The requirements to get a license in Illinois are straightforward: you need to meet a (low-seeming) net worth requirement, you can't have outstanding regulatory problems with the state, your management can't be felons. You also have to post a surety bond equivalent to max(100k, daily average volume).

If Square isn't already required to be a money transmitter in (say) CA or NY, it'd be surprising if they had to be one in IL, but either way this seems like a speed bump for Square.

1 comments

Just because another state has not yet taken enforcement action doesn't mean Square isn't in violation. The TechCrunch article mentions they have been in talks with the state for a while, which means they could be talking to 40 other states that have the same concerns... we don't know.

If you are big enough to be noticed by the states as a major money mover, you're probably big enough to get the proper licenses to conduct business. The last thing we need is deregulation in the financial space.

Of the various regulatory hurdles you have to jump over to be a business that handles money for other people, money transmitter licenses seem like one of the most reasonable requirements, so I guess I agree. It must suck a lot to have to deal with every state on these, but I'm not sure we'd like federal requirements any more.
If the bond requirement becomes daily volume times 50 states, they are boned.
The bond requirements are per state for daily volume, so if they needed one in every state it would be equal to one days volume.
I wonder if they can post one bond that meets the requirements of all 50 states somehow... that seems reasonable, the issue is which party they would post the bond with.
No. The bonds must be separate as it currently stands, and they are very expensive, not to mention a horrible way to handle insurance.
Two questions. First, insurance underwriters sell surety bonds, so what makes them a "horrible" way to handle insurance?
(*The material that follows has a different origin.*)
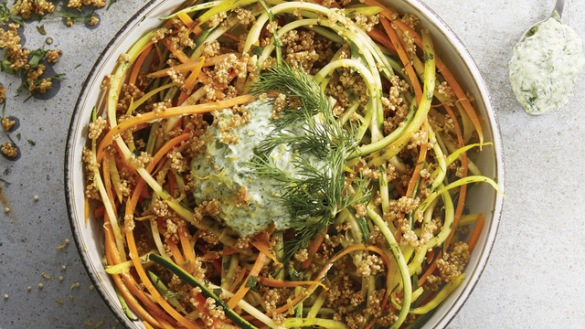 Répartissez les légumes dans des assiettes creuses, déposez une belle cuillère à soupe de fromage aux herbes, parsemez de quinoa grillé et du reste des herbes fraîches.

If the states mandated actual insurance, you'd be held hostage to the arbitrary requirements of insurance companies; the bond requirement allows you to substitute your own capital for the judgement of insurance underwriters if that's what you want to do, but also allows you to avail yourself of the insurance industry.

Second, even though separate bonds are required by each state, what prevents insurance companies from simply selling you a surety bond product that meets the requirements of multiple states simultaneously?